11 An example with two negative pivots isA=

1 2 2

1 1 2

1 2 1

. The diagonal entries can

change sign during elimination.

12 The first product is

9 8 7

6 5 4

3 2 1

rows and

also columns

reversed.

The second product is

1 2 3

0 1 − 2

0 2 − 3

.

Is Linear Algebra harder than calculus?

The pure mechanics of Linear algebra are very basic, being far easier than anything of substance in Calculus. The difficulty is that linear algebra is mostly about understanding terms and definitions and determining the type of calculation and analysis needed to get the required result.

Is Linear Algebra hard?

Many students regard linear algebra as a difficult study.

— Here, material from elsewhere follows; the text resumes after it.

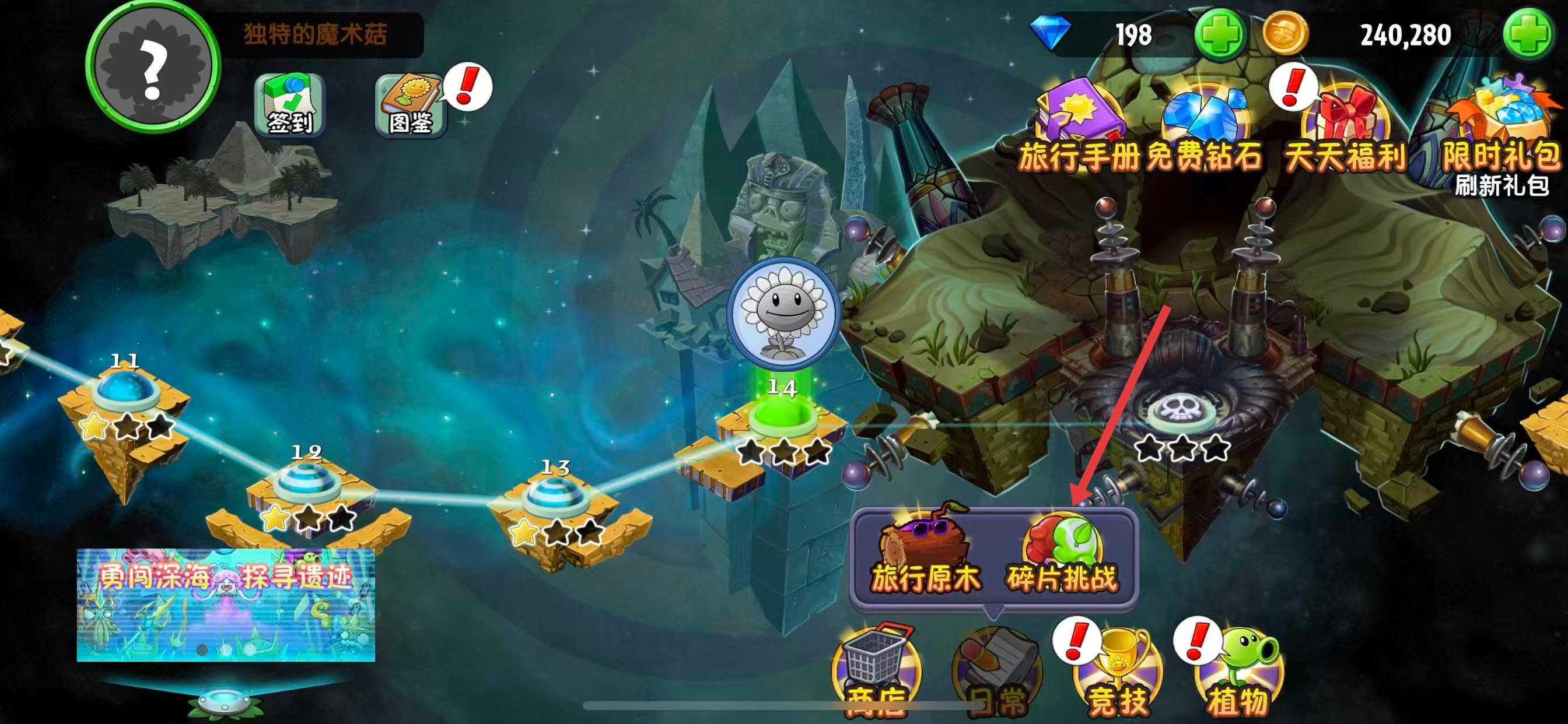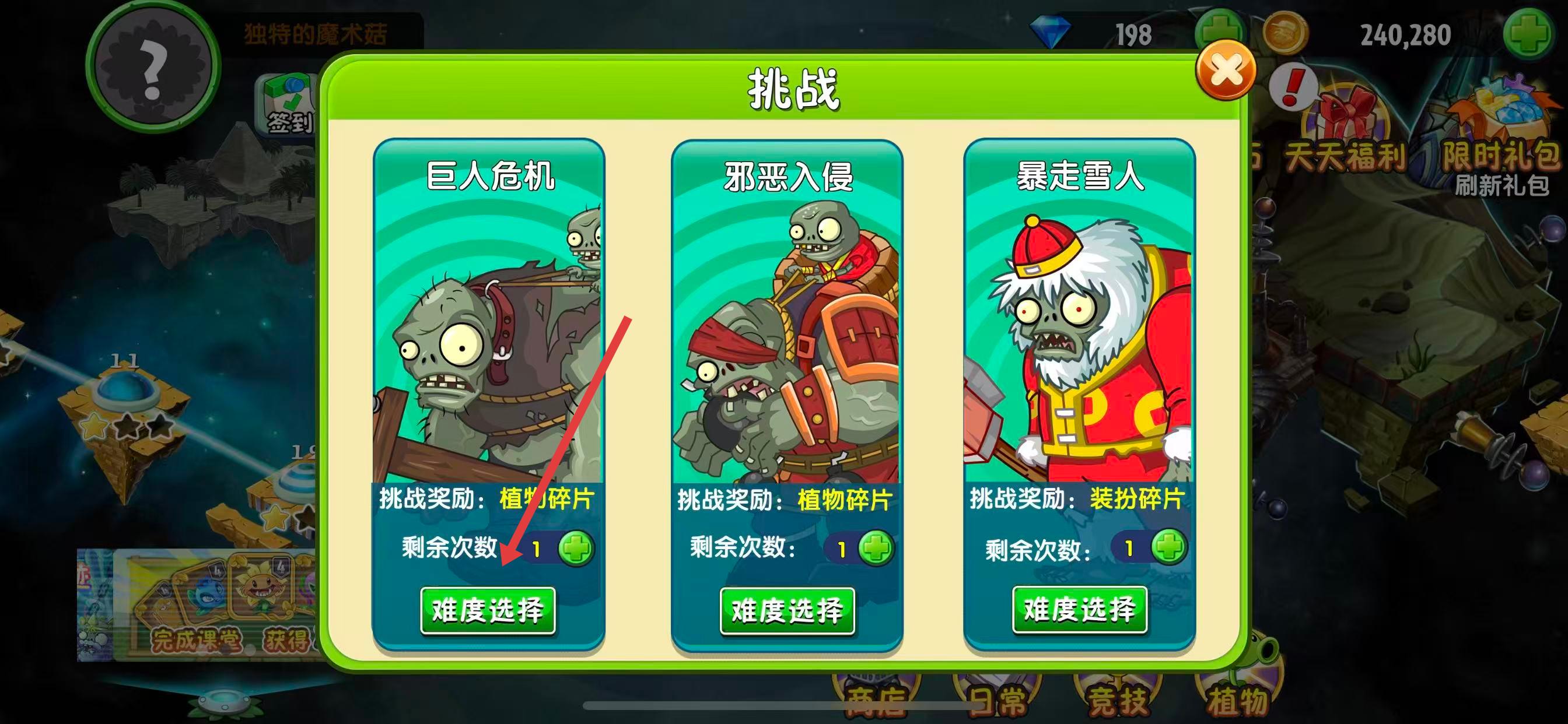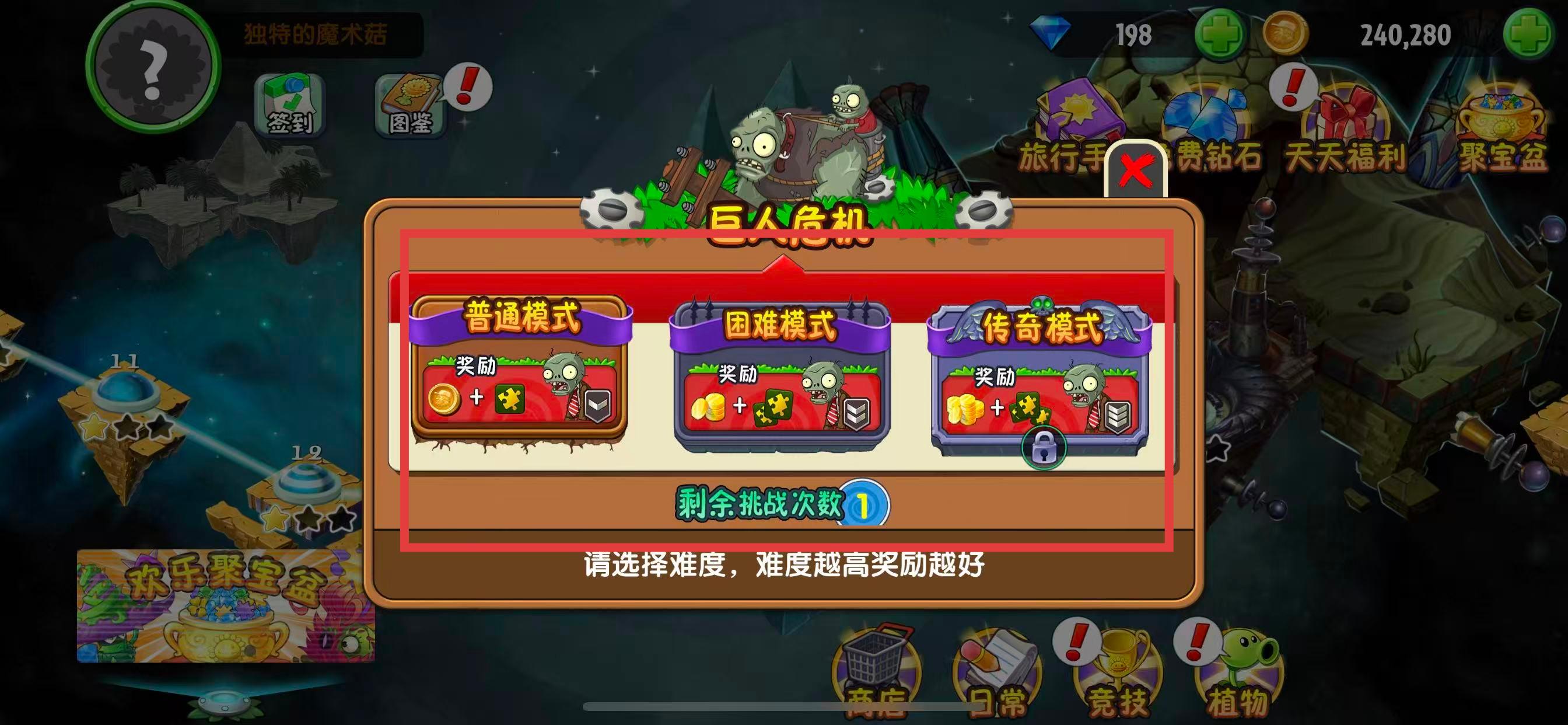 4、,根据自身游戏实力选择普通、困难或传奇模式,成功完成挑战后,会获得对应植物碎片奖励。

It is more challenging than discrete mathematics which is usually a first-year program taught in most STEM majors. Linear algebra is taught in its second year and demands robust reasoning and analytical skills.

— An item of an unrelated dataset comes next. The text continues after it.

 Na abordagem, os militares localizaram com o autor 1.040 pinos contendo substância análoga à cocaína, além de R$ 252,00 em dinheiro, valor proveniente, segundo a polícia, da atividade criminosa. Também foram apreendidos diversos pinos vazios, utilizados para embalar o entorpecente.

How do you introduce in linear algebra?

Introduction to Linear Algebra It is the study of vector spaces, lines and planes, and some mappings that are required to perform the linear transformations. It includes vectors, matrices and linear functions. It is the study of linear sets of equations and its transformation properties.

Who discovered linear algebra?

Finding the eigenvectors and eigenvalues for a linear transformation is often done using matrix algebra, first developed in the mid-19th century by the English mathematician Arthur Cayley. His work formed the foundation for modern linear algebra.